=== DATA SUPPLIED ===
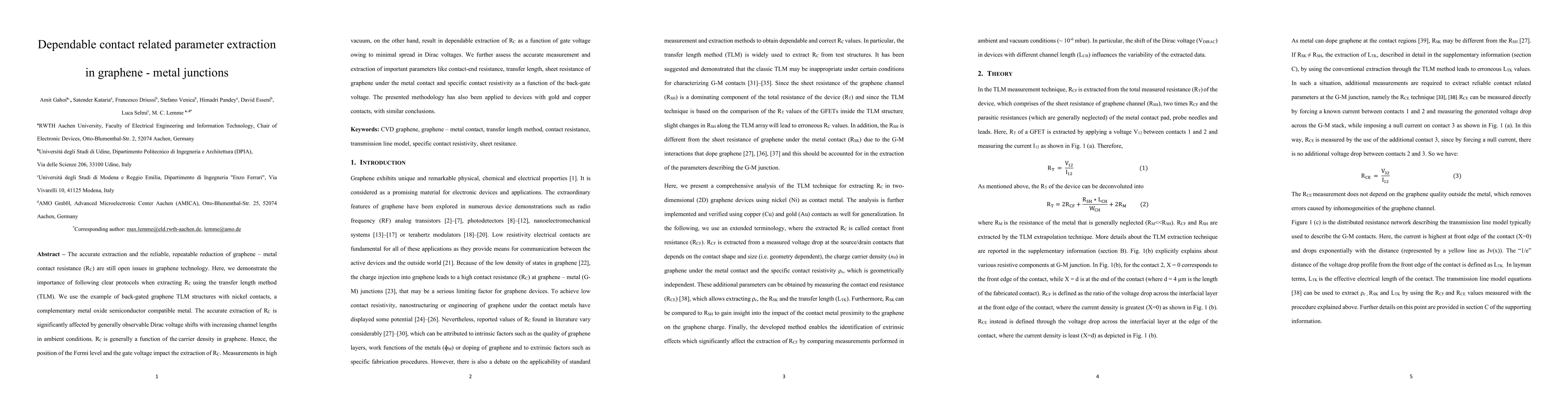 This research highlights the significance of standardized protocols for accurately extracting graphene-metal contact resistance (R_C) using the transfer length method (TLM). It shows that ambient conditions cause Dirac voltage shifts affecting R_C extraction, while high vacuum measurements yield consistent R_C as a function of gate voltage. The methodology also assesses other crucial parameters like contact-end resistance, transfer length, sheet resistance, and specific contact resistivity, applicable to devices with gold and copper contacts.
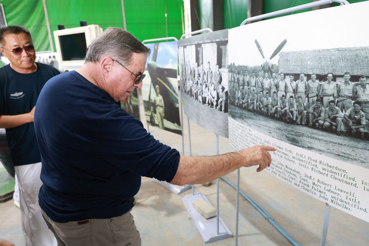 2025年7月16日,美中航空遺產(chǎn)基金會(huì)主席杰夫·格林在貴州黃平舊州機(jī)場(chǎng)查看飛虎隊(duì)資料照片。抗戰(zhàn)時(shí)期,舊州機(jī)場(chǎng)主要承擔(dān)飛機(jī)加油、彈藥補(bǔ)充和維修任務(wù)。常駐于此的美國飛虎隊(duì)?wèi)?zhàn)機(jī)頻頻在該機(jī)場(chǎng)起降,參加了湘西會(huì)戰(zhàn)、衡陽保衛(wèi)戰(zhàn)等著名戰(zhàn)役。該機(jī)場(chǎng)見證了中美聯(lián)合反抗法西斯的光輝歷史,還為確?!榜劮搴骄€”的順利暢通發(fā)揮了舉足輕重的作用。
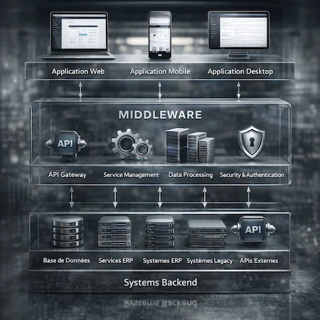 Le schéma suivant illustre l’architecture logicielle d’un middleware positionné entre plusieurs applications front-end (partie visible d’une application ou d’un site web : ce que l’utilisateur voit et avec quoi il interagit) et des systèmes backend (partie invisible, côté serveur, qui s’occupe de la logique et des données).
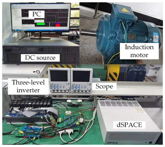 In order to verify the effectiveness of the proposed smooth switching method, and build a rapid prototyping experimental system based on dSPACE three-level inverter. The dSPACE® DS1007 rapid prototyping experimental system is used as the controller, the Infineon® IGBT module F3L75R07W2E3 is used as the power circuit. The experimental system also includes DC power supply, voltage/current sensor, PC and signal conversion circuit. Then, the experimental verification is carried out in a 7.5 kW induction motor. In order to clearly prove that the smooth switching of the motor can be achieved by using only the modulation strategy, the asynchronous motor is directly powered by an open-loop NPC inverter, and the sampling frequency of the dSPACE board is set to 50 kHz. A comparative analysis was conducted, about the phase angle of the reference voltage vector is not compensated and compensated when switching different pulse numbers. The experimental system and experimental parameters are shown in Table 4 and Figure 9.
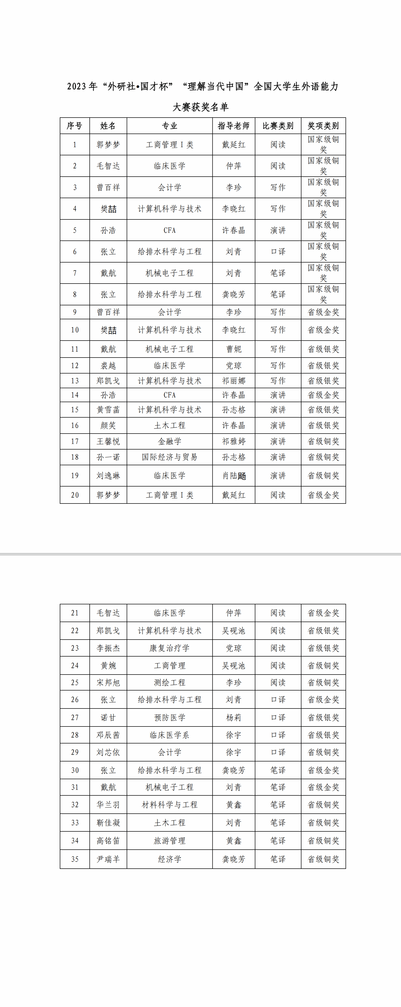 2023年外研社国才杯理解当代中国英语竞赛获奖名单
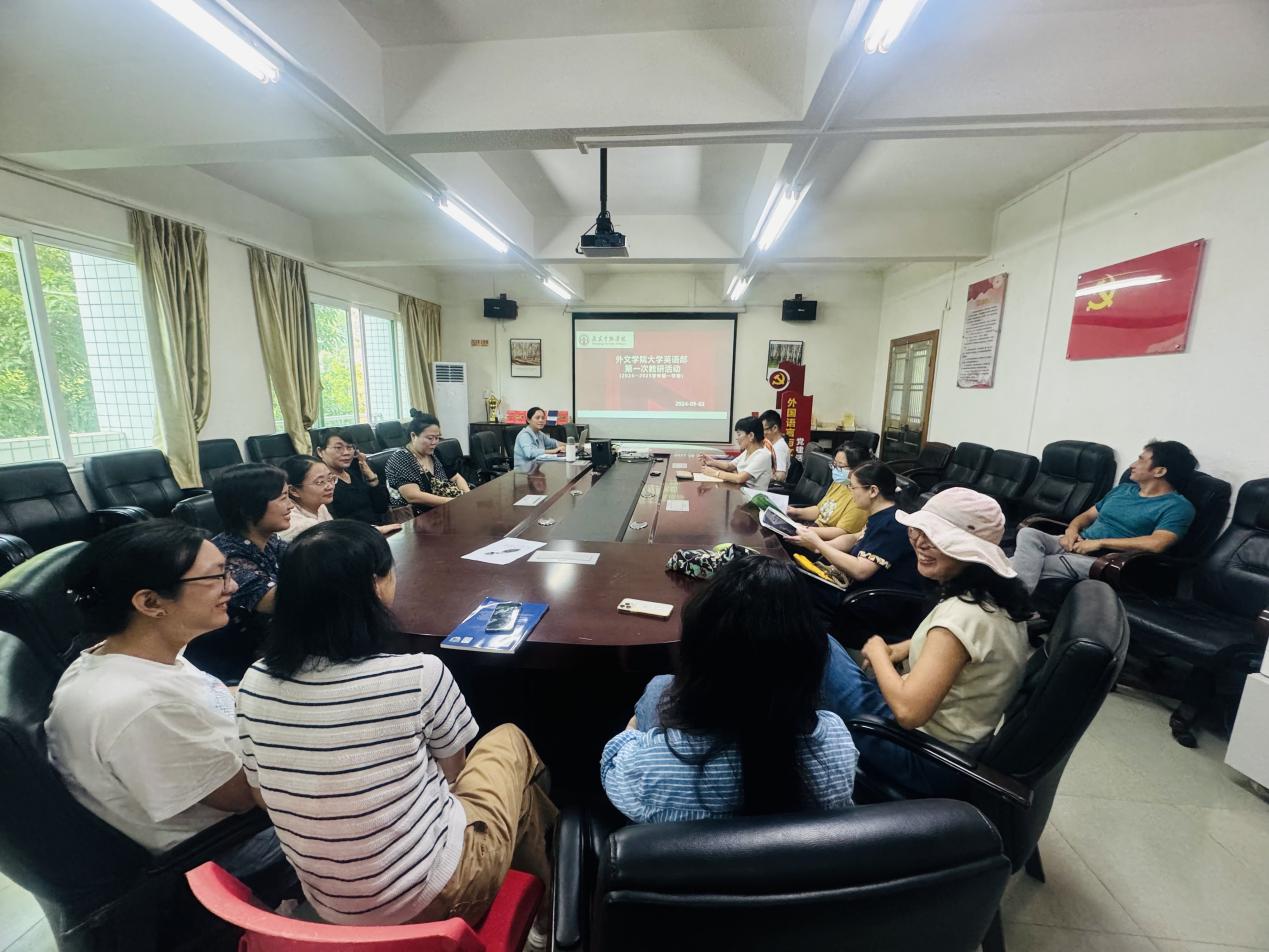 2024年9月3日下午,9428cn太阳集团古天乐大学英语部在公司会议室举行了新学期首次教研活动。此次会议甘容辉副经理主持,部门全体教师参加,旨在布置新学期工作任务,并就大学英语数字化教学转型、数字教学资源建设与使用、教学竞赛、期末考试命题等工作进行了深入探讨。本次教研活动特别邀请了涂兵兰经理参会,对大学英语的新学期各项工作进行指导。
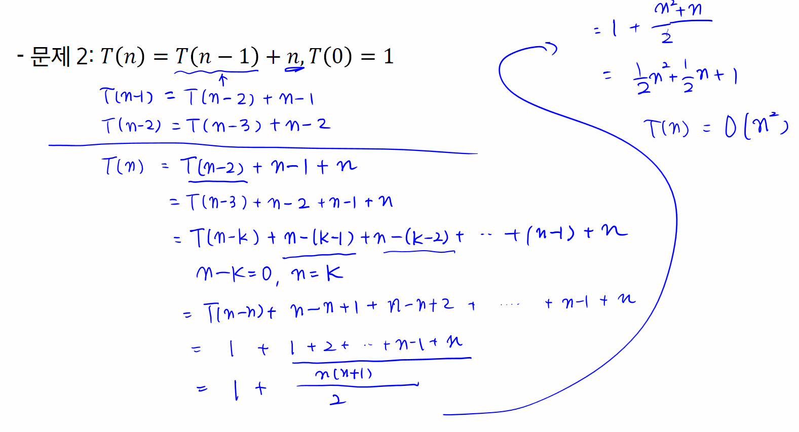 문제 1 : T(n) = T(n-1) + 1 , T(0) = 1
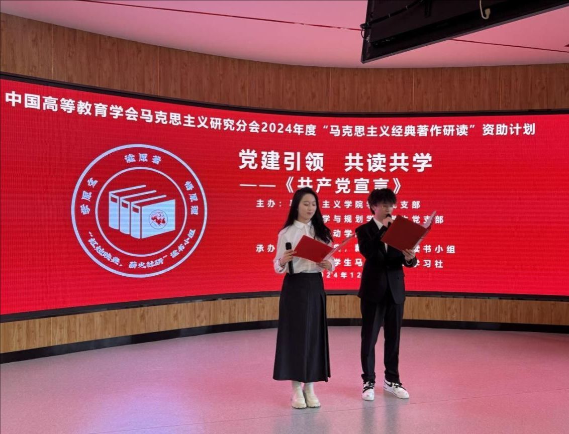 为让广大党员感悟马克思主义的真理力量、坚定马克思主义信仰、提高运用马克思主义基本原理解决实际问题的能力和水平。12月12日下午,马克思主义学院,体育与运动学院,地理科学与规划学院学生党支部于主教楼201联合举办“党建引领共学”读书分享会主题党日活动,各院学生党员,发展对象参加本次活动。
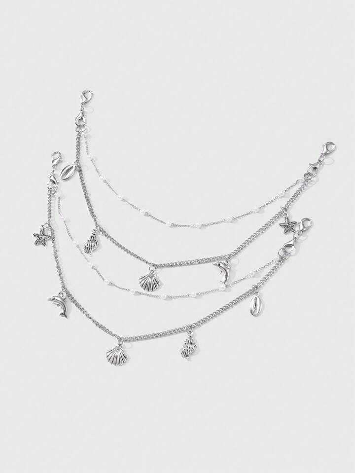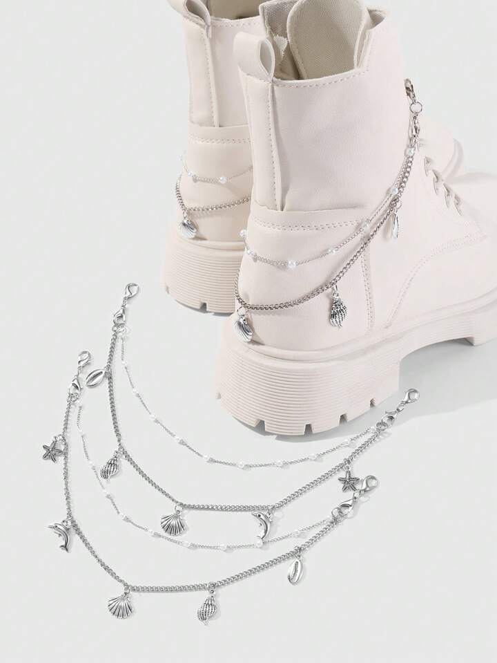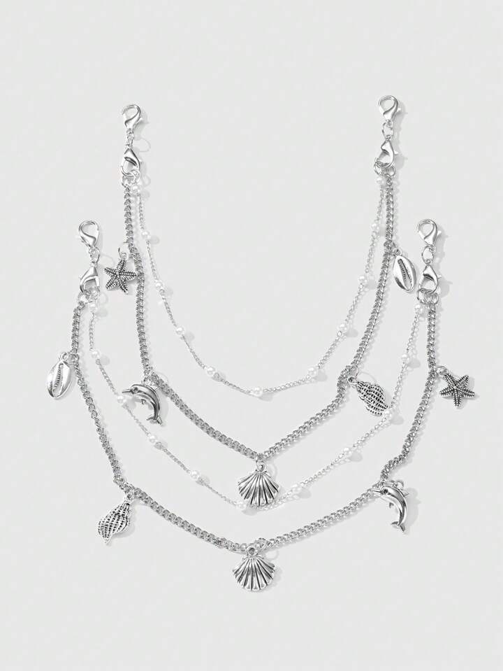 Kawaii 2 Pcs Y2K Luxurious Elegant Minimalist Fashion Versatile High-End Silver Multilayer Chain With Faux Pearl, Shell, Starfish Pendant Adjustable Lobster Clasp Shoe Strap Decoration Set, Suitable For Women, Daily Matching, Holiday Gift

=== WORK ITEM ===
The lines to repeat start at the one holding "2024年9月3日下午,94" and run through the last line of the records above; write them out exactly, both ends included, but not the pictures.

=== WRITTEN RESPONSE ===
 2024年9月3日下午,9428cn太阳集团古天乐大学英语部在公司会议室举行了新学期首次教研活动。此次会议甘容辉副经理主持,部门全体教师参加,旨在布置新学期工作任务,并就大学英语数字化教学转型、数字教学资源建设与使用、教学竞赛、期末考试命题等工作进行了深入探讨。本次教研活动特别邀请了涂兵兰经理参会,对大学英语的新学期各项工作进行指导。
 문제 1 : T(n) = T(n-1) + 1 , T(0) = 1
 为让广大党员感悟马克思主义的真理力量、坚定马克思主义信仰、提高运用马克思主义基本原理解决实际问题的能力和水平。12月12日下午,马克思主义学院,体育与运动学院,地理科学与规划学院学生党支部于主教楼201联合举办“党建引领共学”读书分享会主题党日活动,各院学生党员,发展对象参加本次活动。
 Kawaii 2 Pcs Y2K Luxurious Elegant Minimalist Fashion Versatile High-End Silver Multilayer Chain With Faux Pearl, Shell, Starfish Pendant Adjustable Lobster Clasp Shoe Strap Decoration Set, Suitable For Women, Daily Matching, Holiday Gift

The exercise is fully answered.